# What is expected
Transcribe all of the data exactly. Images stay out.

# # # #

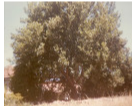
T11483 Platanus x acerifolia
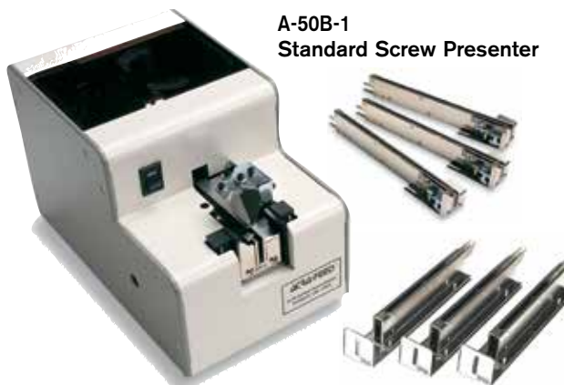
A-50B-1 Standard Screw Presenter
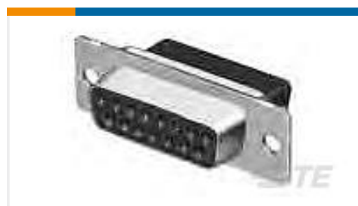
TE Part #205209-7 RECP ASSY SIZE 4
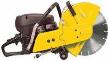
2-cycle Gas Saw
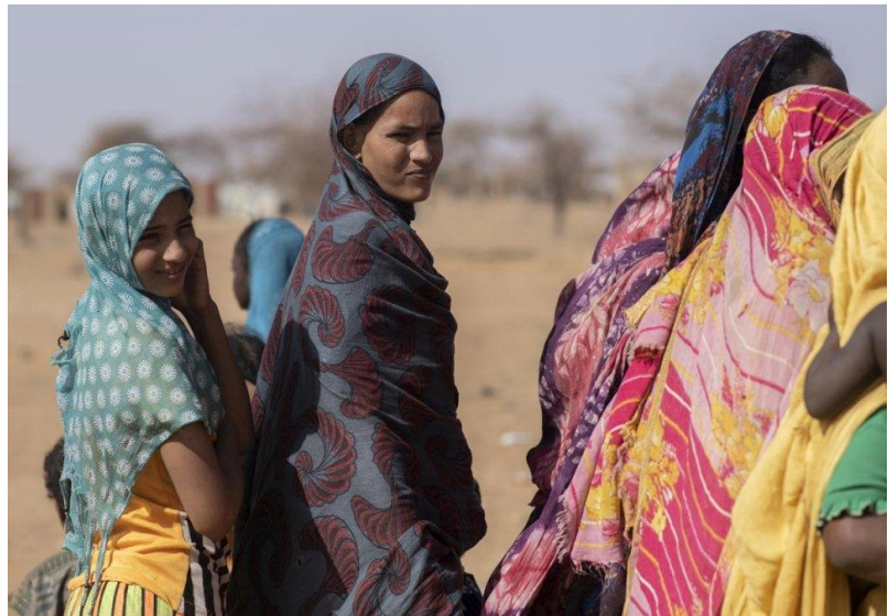
Malian refugee women who lived in Goudoubo camp before they were moved following the increase in attacks and the repeated threats on their community since the beginning of 2020.
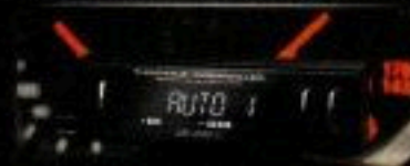
M7 THROTTLE CONTROLLER AUTO PRO-R
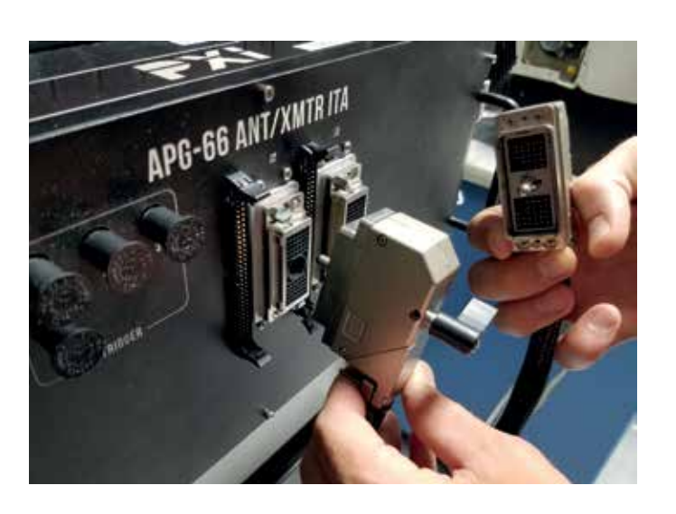
Figure 1: The cam in this test rack is easy to engage with the lever. For tight spaces, the lever can be replaced to move the cam. Another option is a self-actuated cam that, for example can mate and unmate when a drawer is closed or opened. (Learn more at Duotechservices.com)
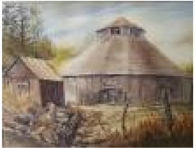
Round Barn, Hickory Level Community
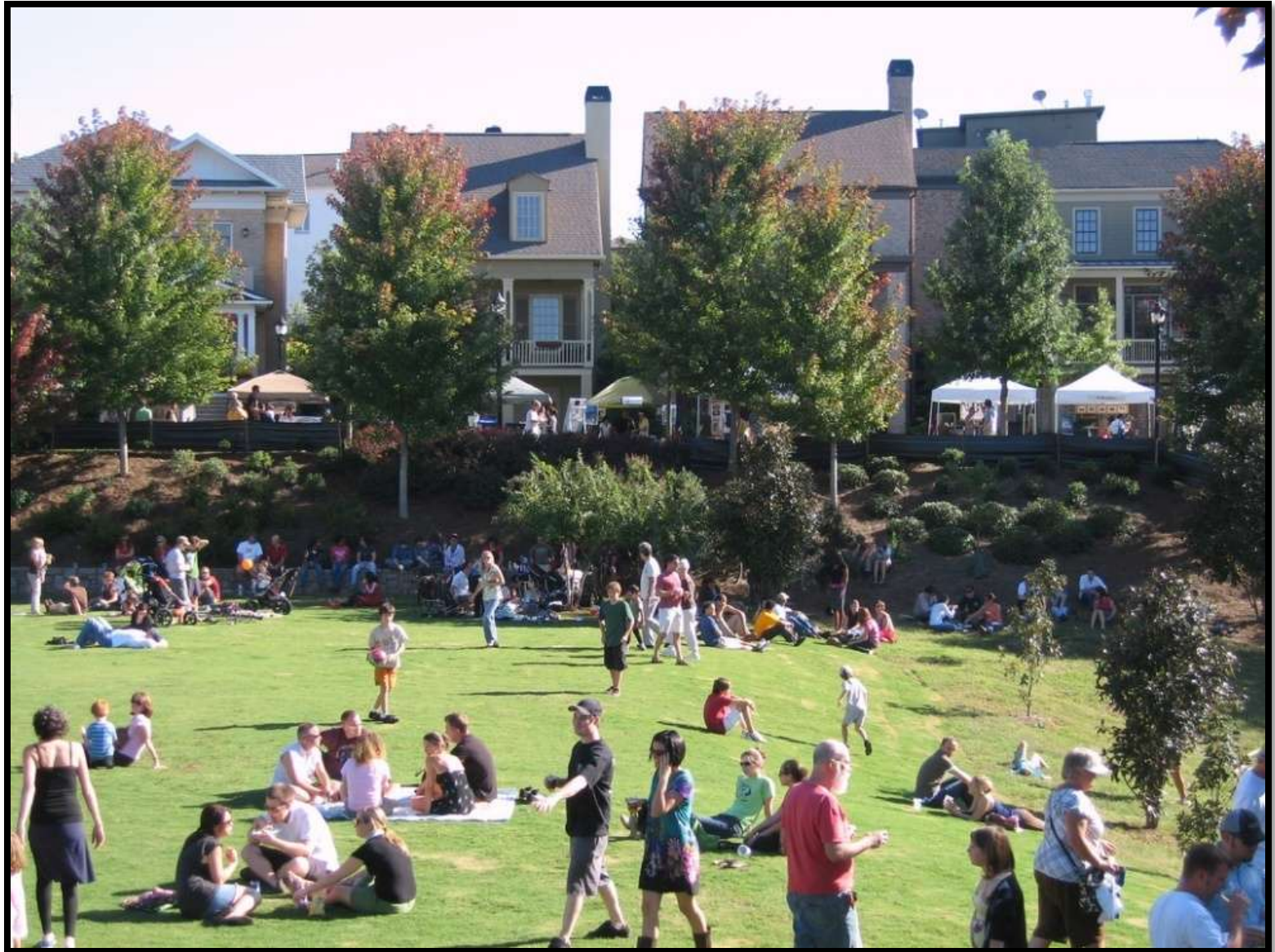
Open Space – Atlanta, GA
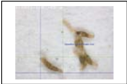
Figure 4. Spiranthes odorata 'Chadds Ford' seed 140X.

# # # #

# Finished task
T11483 Platanus x acerifolia
A-50B-1 Standard Screw Presenter
TE Part #205209-7 RECP ASSY SIZE 4
2-cycle Gas Saw
Malian refugee women who lived in Goudoubo camp before they were moved following the increase in attacks and the repeated threats on their community since the beginning of 2020.
M7 THROTTLE CONTROLLER AUTO PRO-R
Figure 1: The cam in this test rack is easy to engage with the lever. For tight spaces, the lever can be replaced to move the cam. Another option is a self-actuated cam that, for example can mate and unmate when a drawer is closed or opened. (Learn more at Duotechservices.com)
Round Barn, Hickory Level Community
Open Space – Atlanta, GA
Figure 4. Spiranthes odorata 'Chadds Ford' seed 140X.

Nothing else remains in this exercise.